* Supplied data:
===============
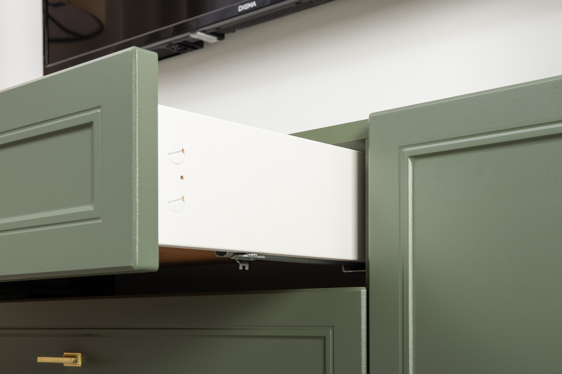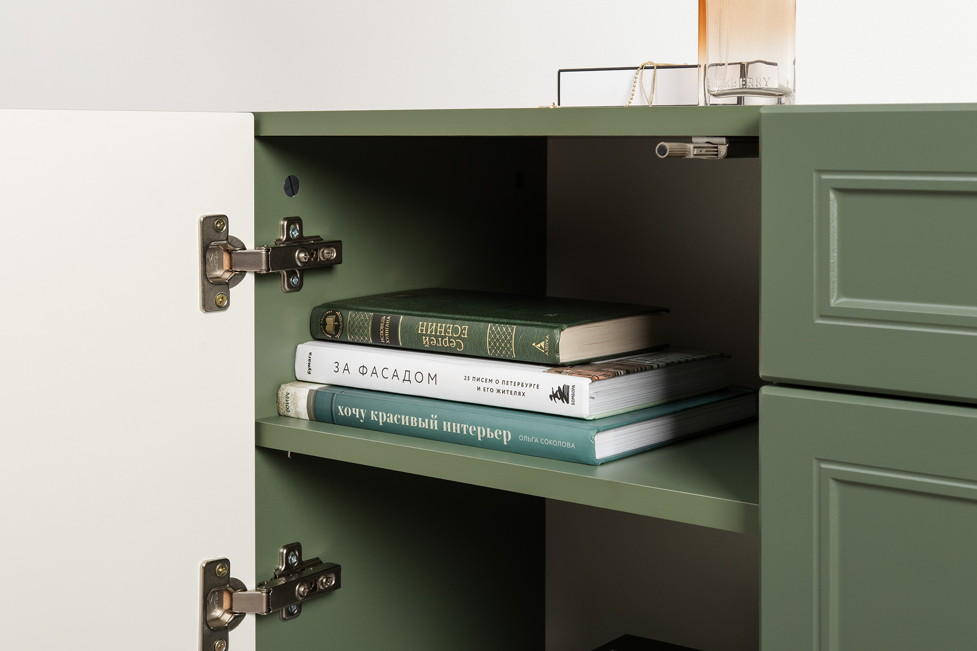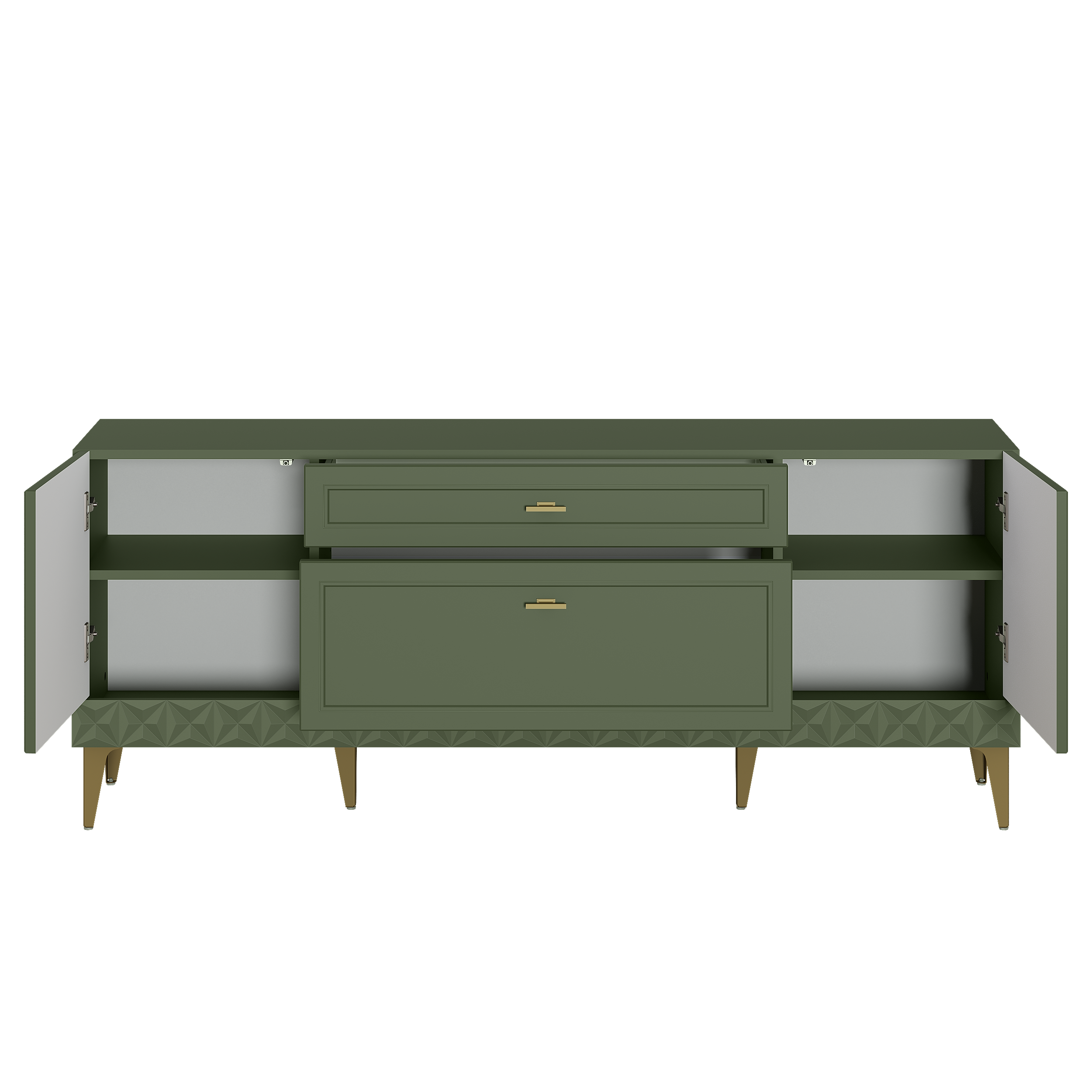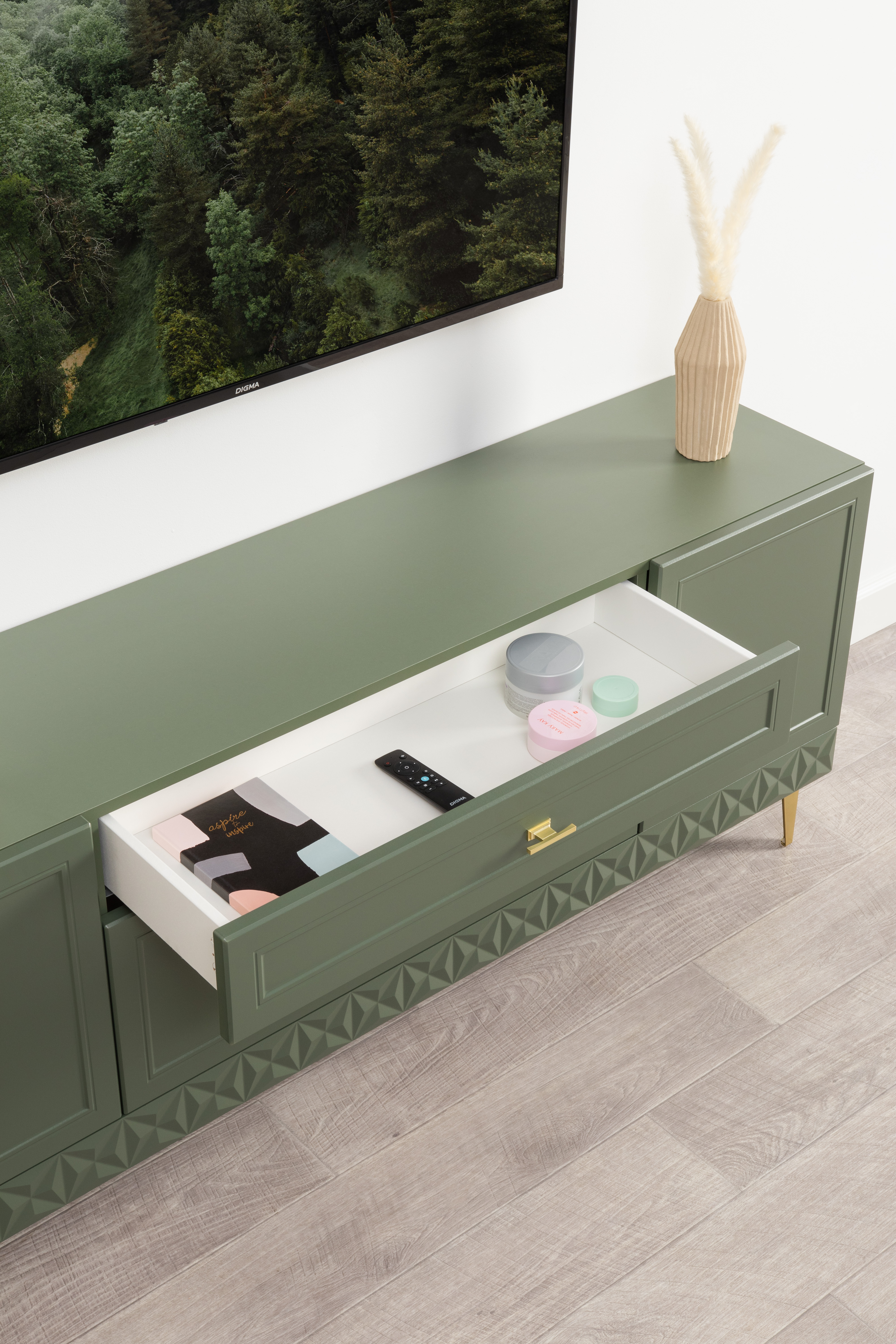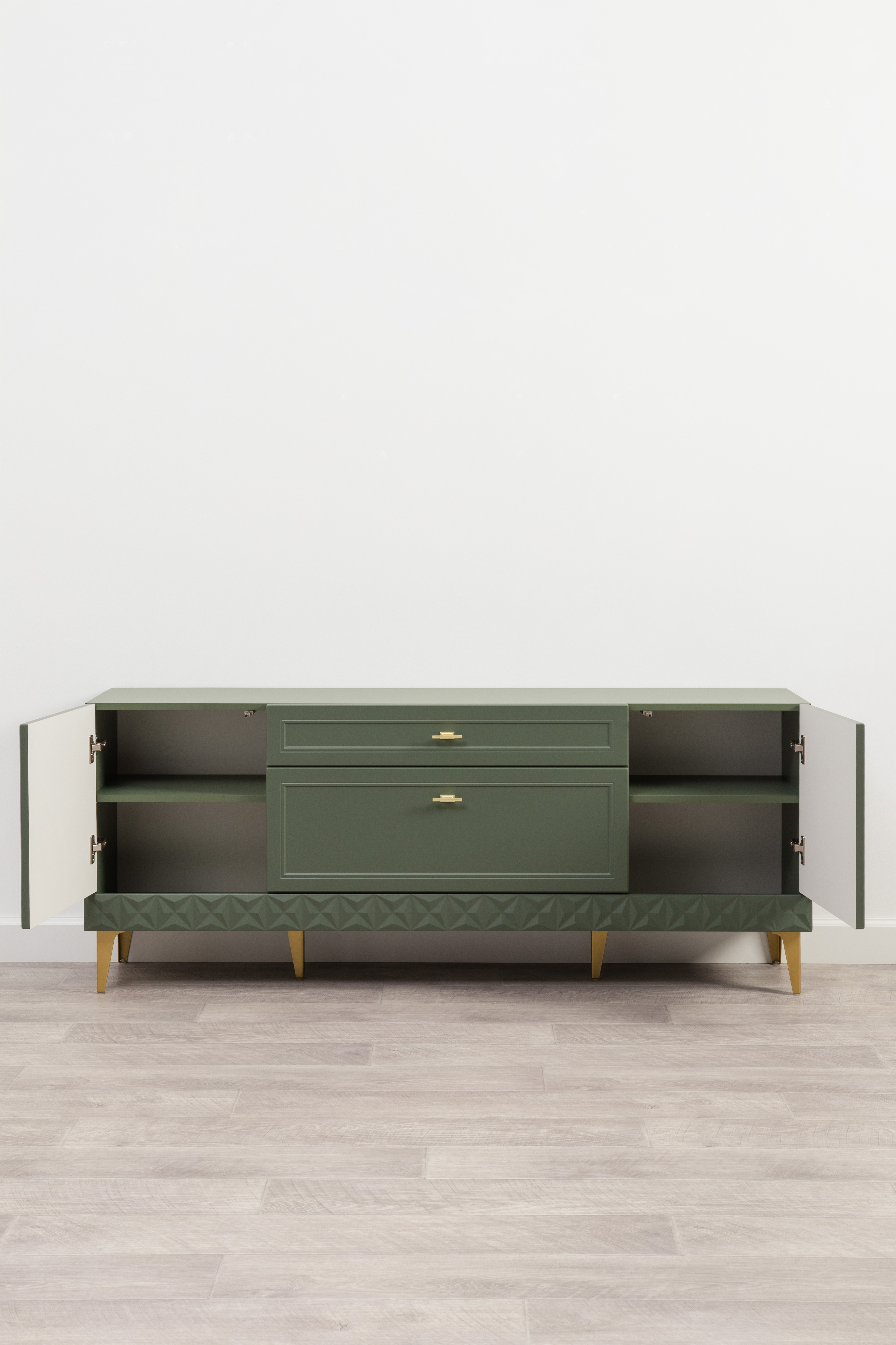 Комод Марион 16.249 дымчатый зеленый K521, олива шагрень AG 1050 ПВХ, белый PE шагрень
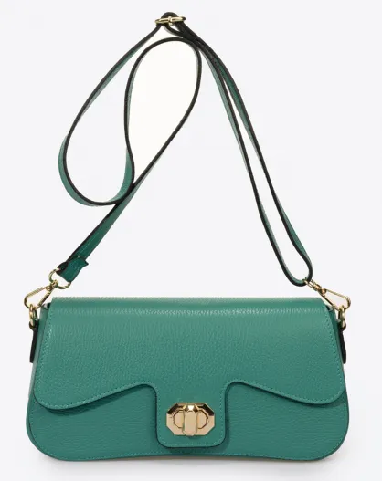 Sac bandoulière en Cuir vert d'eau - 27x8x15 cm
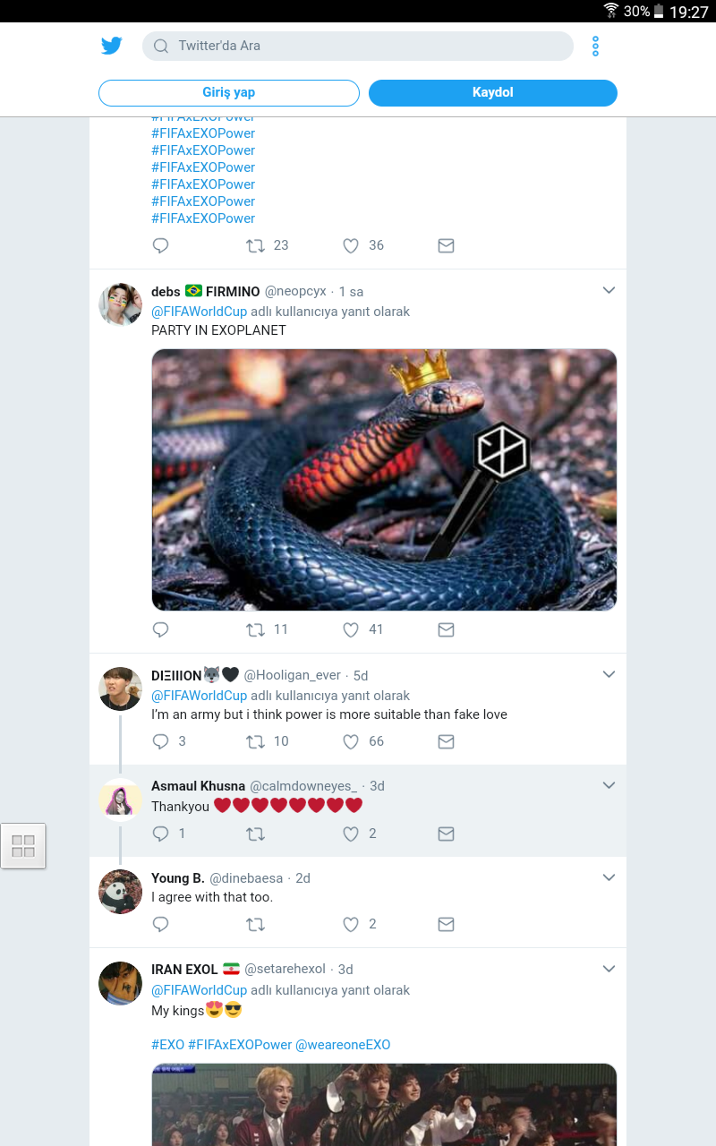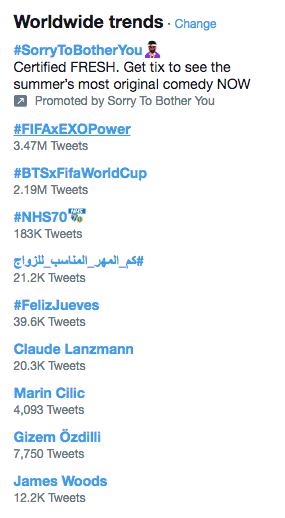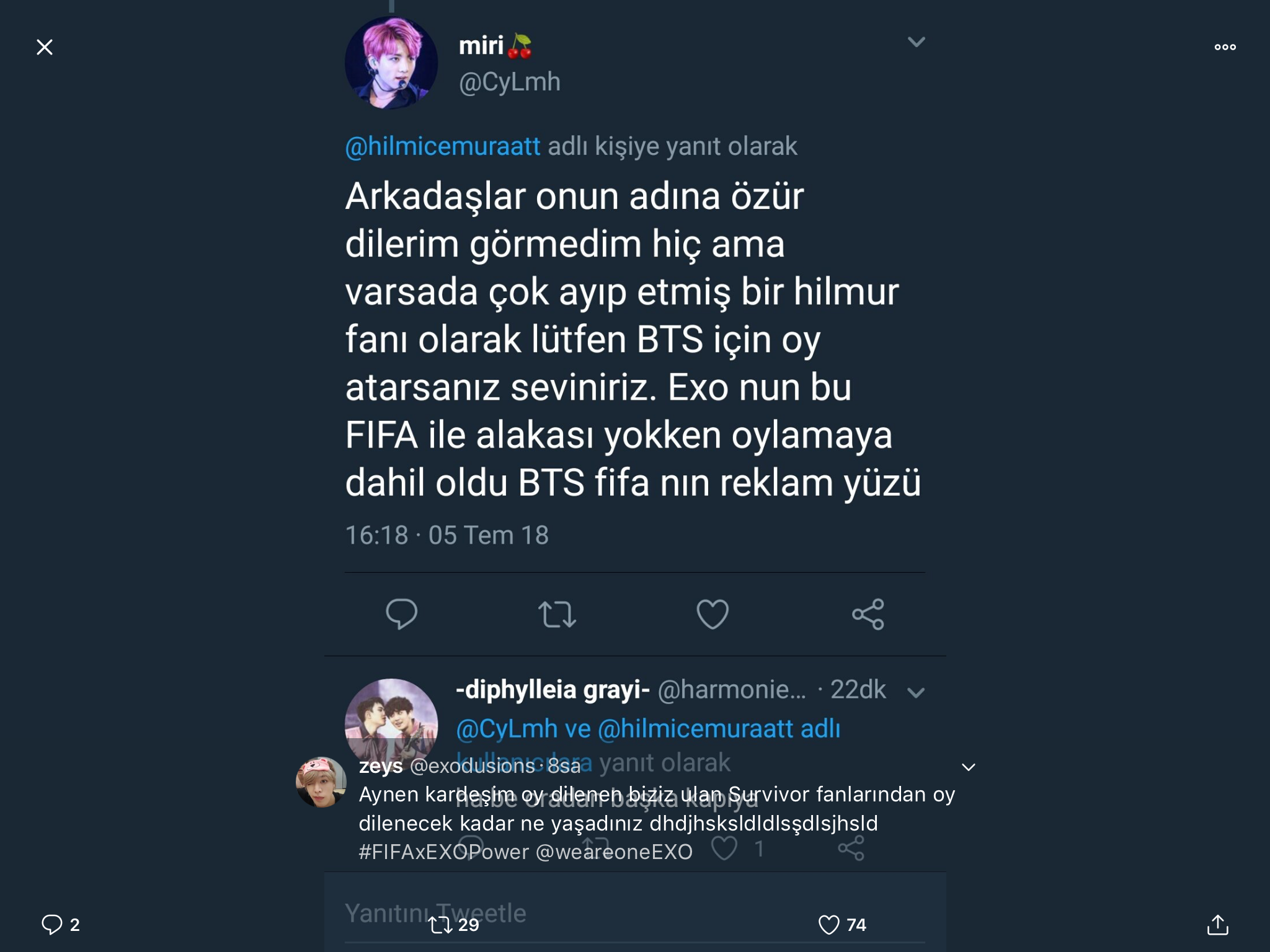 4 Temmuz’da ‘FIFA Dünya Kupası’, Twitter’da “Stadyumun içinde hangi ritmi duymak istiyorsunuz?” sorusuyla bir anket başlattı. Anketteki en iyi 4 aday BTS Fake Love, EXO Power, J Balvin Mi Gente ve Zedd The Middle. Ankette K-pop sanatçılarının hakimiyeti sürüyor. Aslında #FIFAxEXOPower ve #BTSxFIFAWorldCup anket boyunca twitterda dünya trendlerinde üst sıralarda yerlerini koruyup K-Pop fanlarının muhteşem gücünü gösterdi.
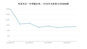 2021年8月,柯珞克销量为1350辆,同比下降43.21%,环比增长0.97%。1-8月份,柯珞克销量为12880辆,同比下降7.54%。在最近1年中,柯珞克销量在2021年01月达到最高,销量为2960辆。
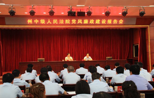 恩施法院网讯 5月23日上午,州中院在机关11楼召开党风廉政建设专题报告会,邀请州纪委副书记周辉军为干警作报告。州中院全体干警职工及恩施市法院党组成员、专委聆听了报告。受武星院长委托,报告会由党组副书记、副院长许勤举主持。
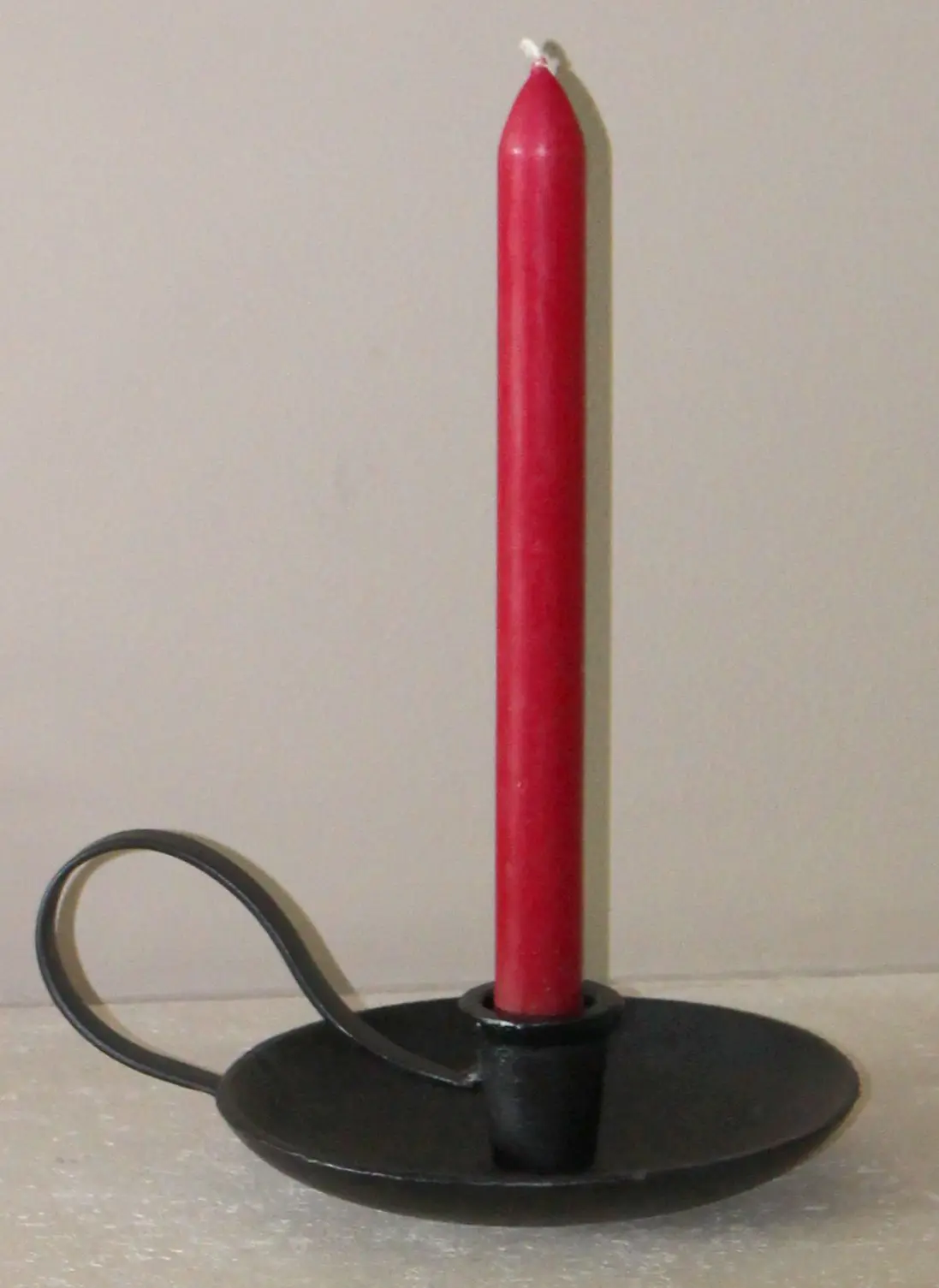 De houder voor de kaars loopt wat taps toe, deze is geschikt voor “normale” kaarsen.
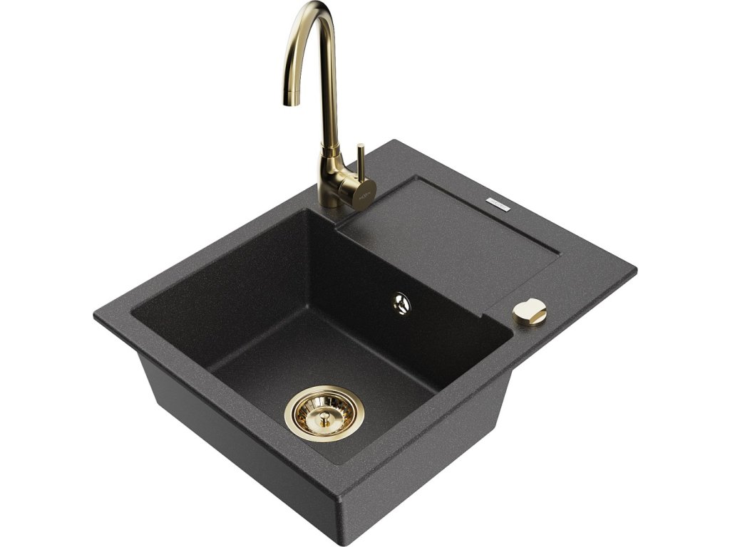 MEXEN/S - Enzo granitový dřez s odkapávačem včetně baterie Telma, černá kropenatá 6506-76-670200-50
===============
* What is being asked: Omit the pictures. Repeat the rest of the data exactly.

* Response area:
 Комод Марион 16.249 дымчатый зеленый K521, олива шагрень AG 1050 ПВХ, белый PE шагрень
 Sac bandoulière en Cuir vert d'eau - 27x8x15 cm
 4 Temmuz’da ‘FIFA Dünya Kupası’, Twitter’da “Stadyumun içinde hangi ritmi duymak istiyorsunuz?” sorusuyla bir anket başlattı. Anketteki en iyi 4 aday BTS Fake Love, EXO Power, J Balvin Mi Gente ve Zedd The Middle. Ankette K-pop sanatçılarının hakimiyeti sürüyor. Aslında #FIFAxEXOPower ve #BTSxFIFAWorldCup anket boyunca twitterda dünya trendlerinde üst sıralarda yerlerini koruyup K-Pop fanlarının muhteşem gücünü gösterdi.
 2021年8月,柯珞克销量为1350辆,同比下降43.21%,环比增长0.97%。1-8月份,柯珞克销量为12880辆,同比下降7.54%。在最近1年中,柯珞克销量在2021年01月达到最高,销量为2960辆。
 恩施法院网讯 5月23日上午,州中院在机关11楼召开党风廉政建设专题报告会,邀请州纪委副书记周辉军为干警作报告。州中院全体干警职工及恩施市法院党组成员、专委聆听了报告。受武星院长委托,报告会由党组副书记、副院长许勤举主持。
 De houder voor de kaars loopt wat taps toe, deze is geschikt voor “normale” kaarsen.
 MEXEN/S - Enzo granitový dřez s odkapávačem včetně baterie Telma, černá kropenatá 6506-76-670200-50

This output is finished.